2019年1月24日

創造力の定義について

私は創造力という言葉に事物をあるべき様につくる才能をあてる。
 聖書は創造主(造物主)という、世界をあるべき姿でつくったはずの存在を仮定した。知的設計論はこの比喩を人型の神(人格神)なる前提なしに抽出したものだった。一方、自然の全ては物理で、人為の全ては倫理で説明される。自然の原因を造物主なしに説明すべくビッグバン仮説が唱えられたが、私の宇宙観によれば時間の停止は各ブラックホールで起きていることなので各宇宙を含む世界全体に各ブラックホール以前の時間というものはない。いいかえれば天地創造という働きは、もし具体的に説明すれば単に各恒星の誕生としての時間の中の物理反応や、引力場が最も弱まり光束のみで満ちている時間の最速化したホワイトホールといった地点で見られる物理現象である。つまり神という比喩は人が物質を加工し何かを作る働きから類推し、自然という物理的世界も創作意図によっていると考えた古代人の妄想だった。宇宙の物は単に時間の流れの中にあるので、それを無から作る必要はない。有が無から生み出されるというのは、単なる妄想の飛躍であり誤りだ。地球の日常的自然現象が時間の中で営まれているという人類的偏見が、宇宙解釈へ無意識に適用されてきたのが創造主や天地創造という誇大妄想だった。

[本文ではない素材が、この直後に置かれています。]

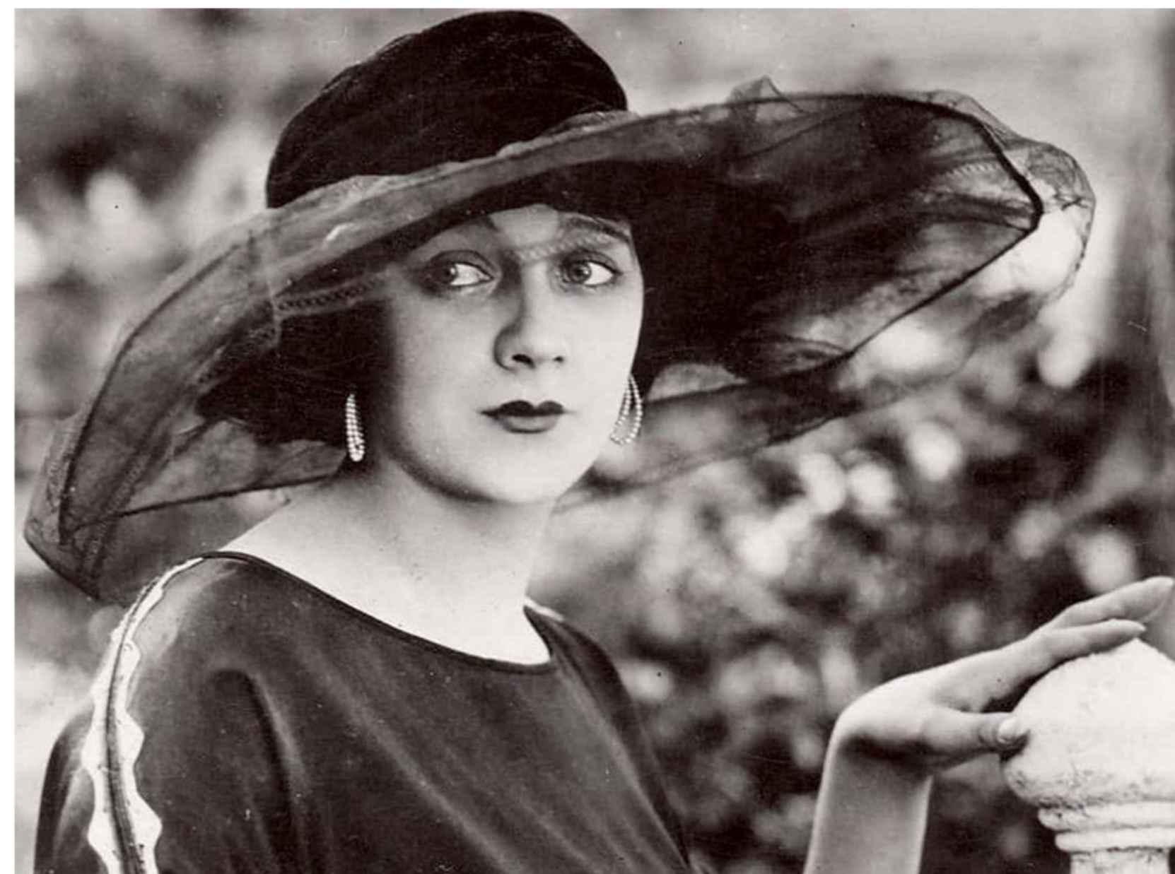
Barbara La Marr - nome d'arte di Reatha Dale Watson (1896 -1926)
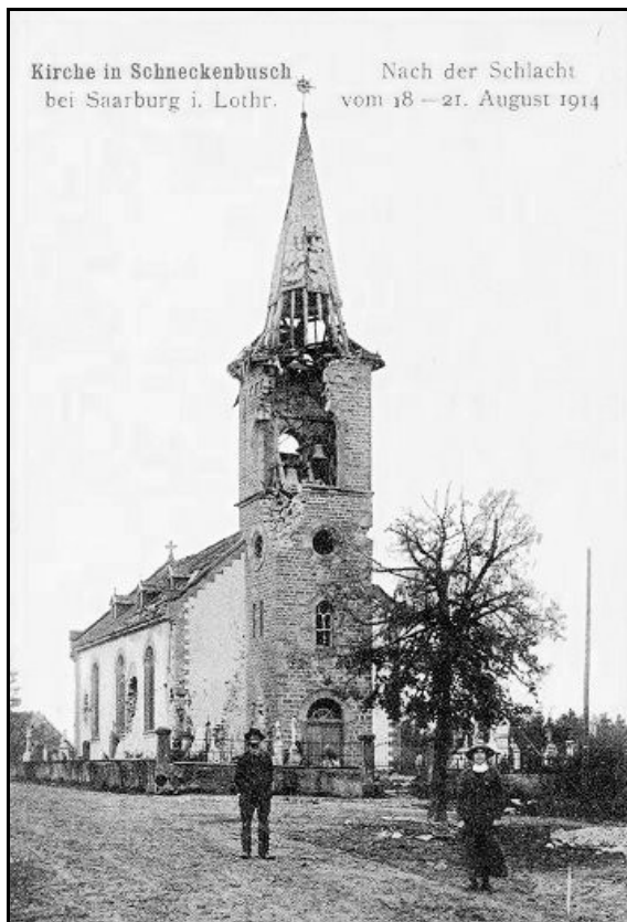
L'église de SCHNECKENBUSCH après le 20 août 1914
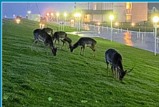
Damwild an der Kaiserstraße.
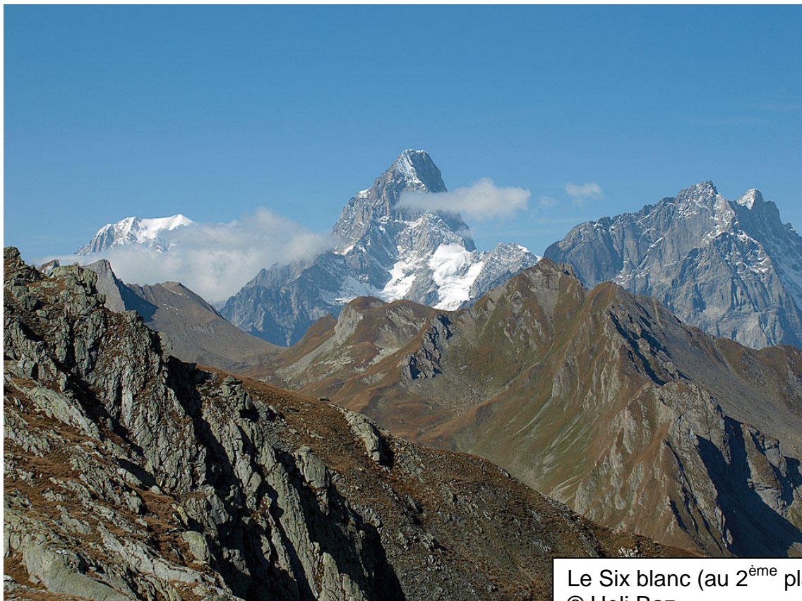
Le Six blanc (au 2 ème plan)
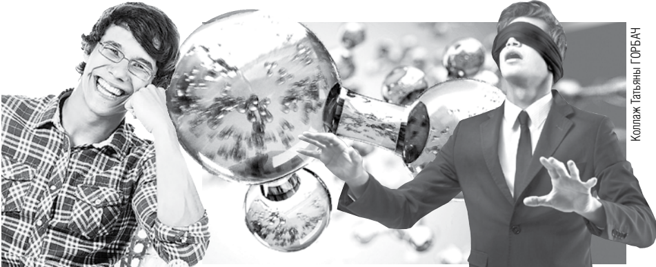
Коллаж: Татьяна ГОРБАЧ

О том, как легко бывает ввести людей в заблуждение
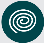
Serpentins à l'extérieur
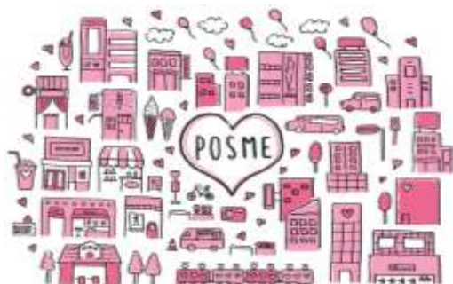
【POSME はさまざまな商品・サービスに展開します】
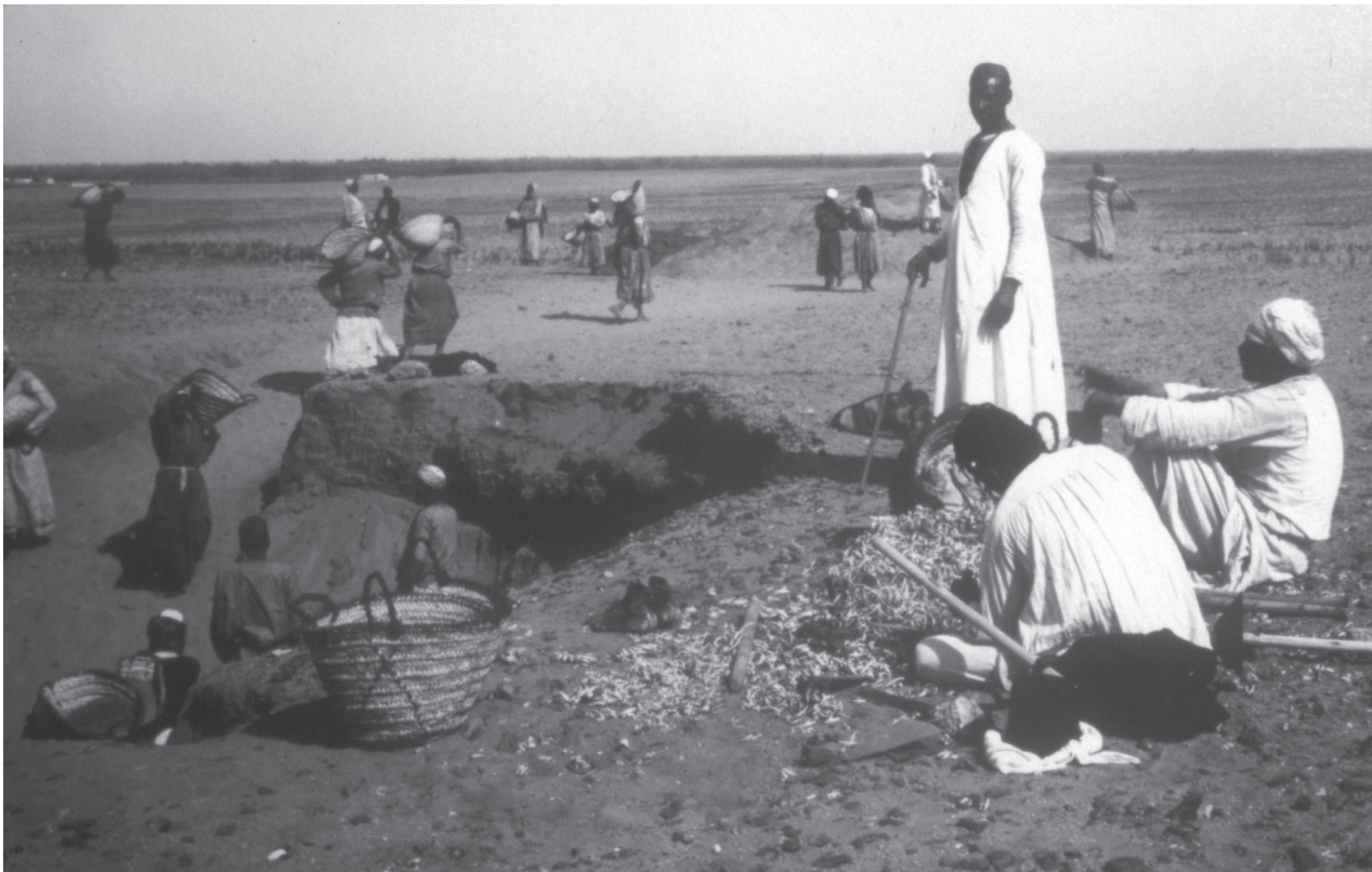
Fig. 3. Belgische opgravingen te Heliopolis, 1907.
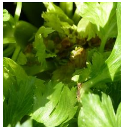
Cœur noir - Photo CA 31
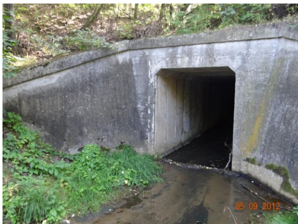
Nátok do krytého profilu pod nádražím.
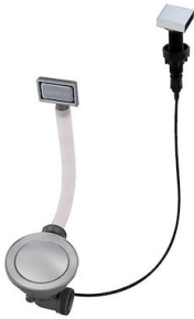
Desagüe automático Space - PA 8407 108
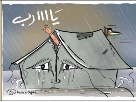
رسم حسين زقوت (فلسطين) 2026
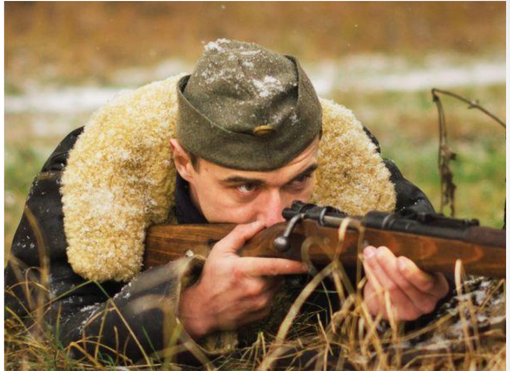
Вояк Української повстанської армії, 1940-1950-ті рр.

У 1940 році за дорученням уряду УНР в екзилі Тарас Бульба-Боровець сформував на Поліссі збройну формацію, яка мала розпочати боротьбу за незалежність України. Це військо дістало назву Поліська Січ та нараховувало до 10 000 бійців. Саме на основі цієї організації сформувалося озброєне крило Організації українських націоналістів — Українська Повстанська Армія (УПА).
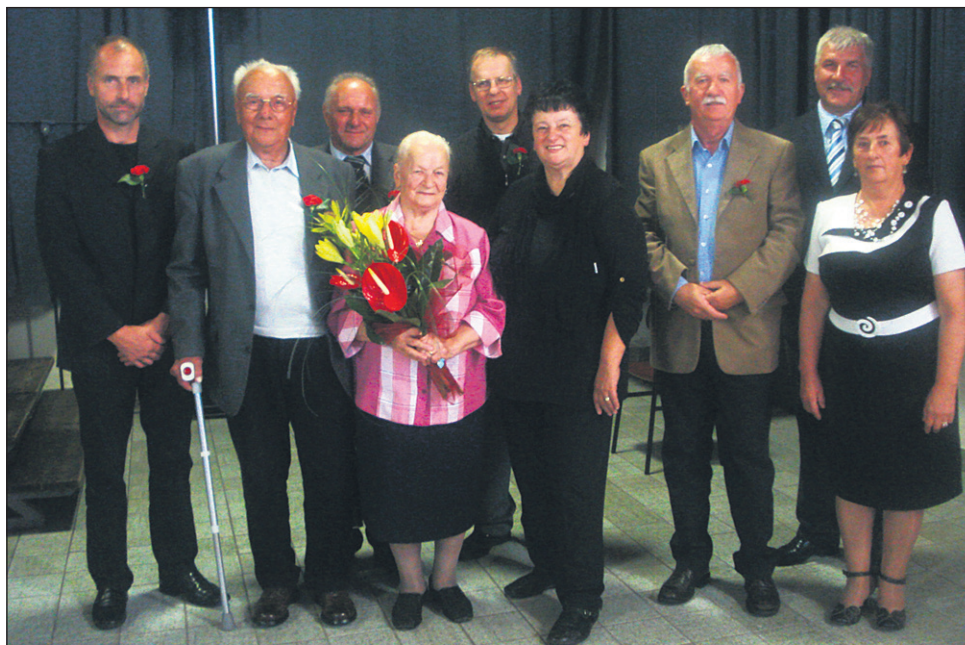
Utrinek s srečanja starejših občanov Podlehnik
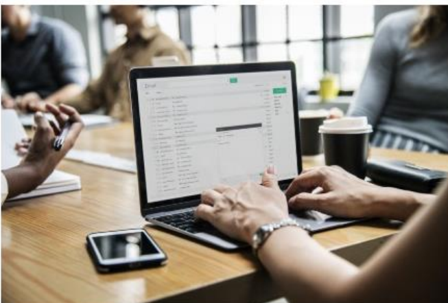
Primera sanción tras el RGPD en sector de recobro por falta de confidencialidad
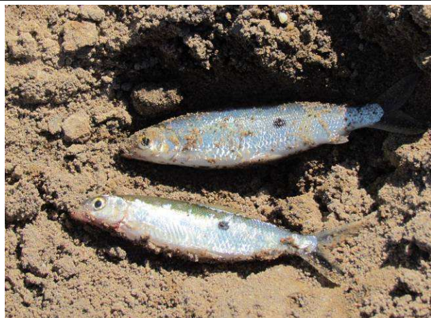
Foto 13: Charutinho ( Hemiodus sp.) utilizado como isca para pescar peixes carnívoros pelos índios Apiaká da Aldeia Mairowi.
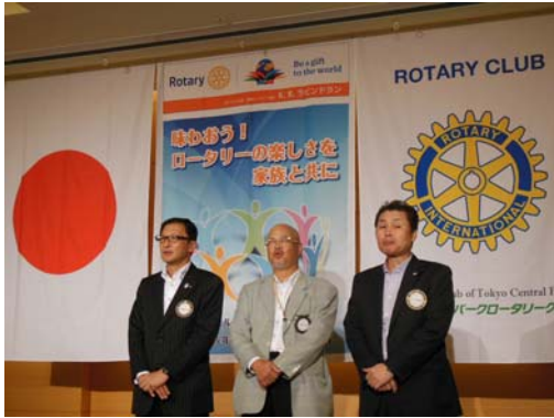
9 月ご夫人のお誕生日の皆さん
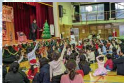
楽しいマジックショー

 この世で人間界を作っている技のうち、行動に当為を与える倫理哲学の働きが最も高貴で通時的かつ普遍的な技なのが事実だ。つまり人は創造主という嘗て聖書の冒頭で語られた存在自体には成り得ないが、物理的に環境を改変する芸術家や諸技術者、或いは人間界に賞罰を与える善悪の定義を行う哲学者には成れる。